• **DATASET EXTRACT**
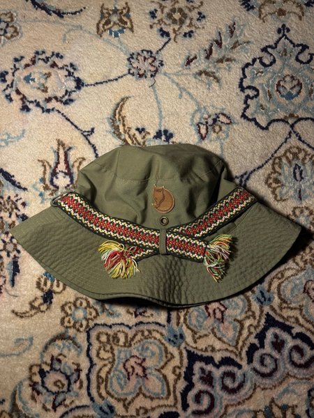 En olivgrön solhatt med en dekorativ rem runt kullen. Remmen har ett mönster i rött, gult, vitt och svart, samt tofsar i samma färger. På hattens framsida finns en liten läderdetalj med en präglad logotyp.
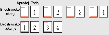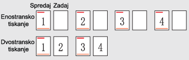 Pri enostranskem tiskanju bodo vse strani natisnjene na sprednjo stran papirja, tako da bodo pri enostranskem in dvostranskem tiskanju lihe strani vedno natisnjene na sprednjo stran, kot je prikazano spodaj.
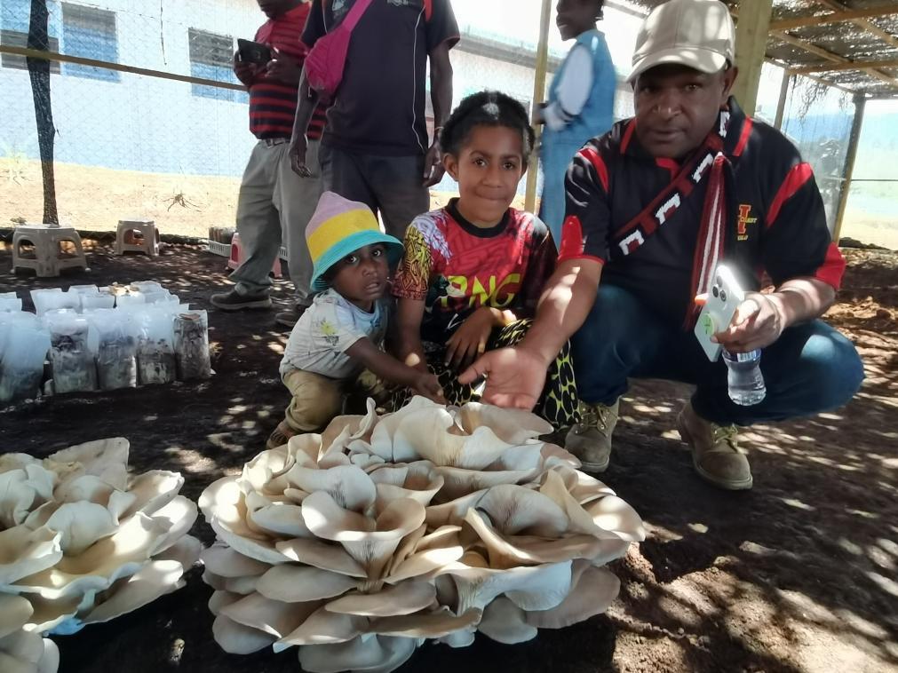9月29日,在巴布亞新幾內亞東高地省首府戈羅卡市,當地民眾參觀中國援巴布亞新幾內亞菌草旱稻項目永久性示范基地種植的大平菇。新華社發(fā)(福建農林大學國家菌草工程技術研究中心供圖)

• **REQUIRED ACTION**
Where a picture appears, skip it and copy the rest of the data word for word.

• **WRITTEN RESPONSE**
 En olivgrön solhatt med en dekorativ rem runt kullen. Remmen har ett mönster i rött, gult, vitt och svart, samt tofsar i samma färger. På hattens framsida finns en liten läderdetalj med en präglad logotyp.
 Pri enostranskem tiskanju bodo vse strani natisnjene na sprednjo stran papirja, tako da bodo pri enostranskem in dvostranskem tiskanju lihe strani vedno natisnjene na sprednjo stran, kot je prikazano spodaj.
9月29日,在巴布亞新幾內亞東高地省首府戈羅卡市,當地民眾參觀中國援巴布亞新幾內亞菌草旱稻項目永久性示范基地種植的大平菇。新華社發(fā)(福建農林大學國家菌草工程技術研究中心供圖)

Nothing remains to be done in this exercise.